- SOURCE DATA
####################

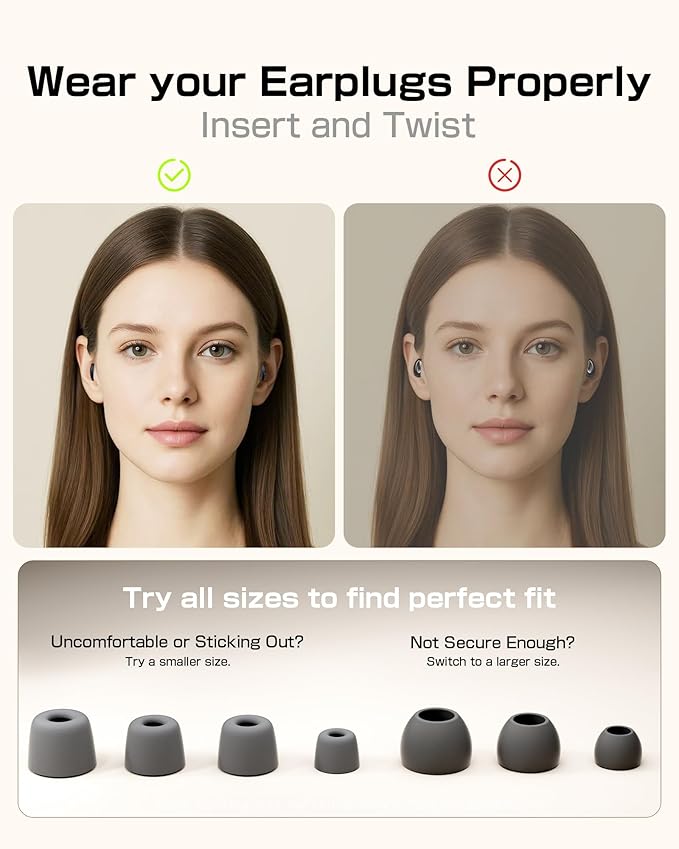 - 【All-Day Comfort for Sensitive Ears】Selouj ear plugs include two ultra-comfortable tip options: AirCloud memory foam for soft, pressure-free sleep, and 3D silicone tips for filtering loud noise while preserving sound clarity at concerts or events. Whether you're sleeping, commuting, or focusing, enjoy a perfect fit that lasts
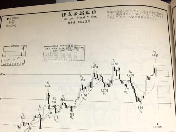 この頃の主力銘柄の1つ。別子こと、5713住友金属鉱山。「金と銀」のうち、「金」とは産金株のこと。 「日本で金が出た!鹿児島の菱刈鉱山!」ということで、テーマ株的に相場になった。是銀もこの銘柄で、大儲けした。
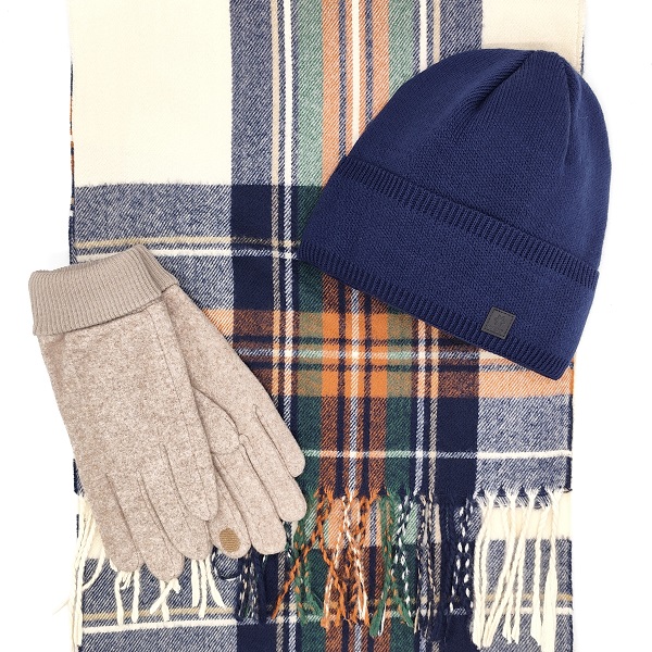 Мъжки зимен комплект шапка, шал и ръкавици – кашмирен шал в синьо каре, топла шапка и бежови ръкавици
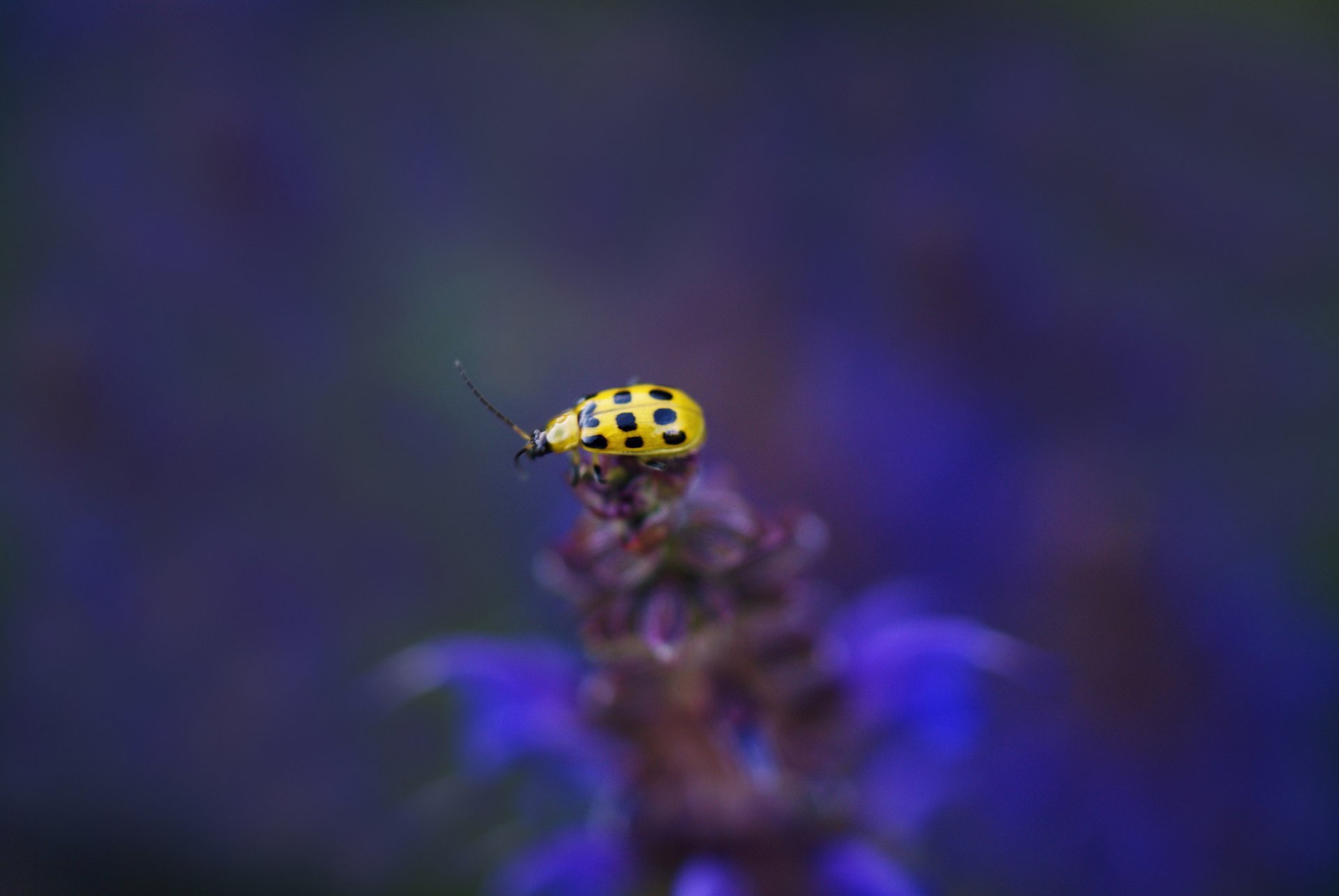 Insecto amarillo en la flor. desenfoque en la plantaInsecto amarillo en la flor. Desenfoque en la planta

####################

- ACTION ITEM
Reproduce the material above exactly, but only from the line with "この頃の主力銘柄の1つ。別子" through its last line, leaving pictures out.

- WRITTEN RESPONSE
 この頃の主力銘柄の1つ。別子こと、5713住友金属鉱山。「金と銀」のうち、「金」とは産金株のこと。 「日本で金が出た!鹿児島の菱刈鉱山!」ということで、テーマ株的に相場になった。是銀もこの銘柄で、大儲けした。
 Мъжки зимен комплект шапка, шал и ръкавици – кашмирен шал в синьо каре, топла шапка и бежови ръкавици
 Insecto amarillo en la flor. desenfoque en la plantaInsecto amarillo en la flor. Desenfoque en la planta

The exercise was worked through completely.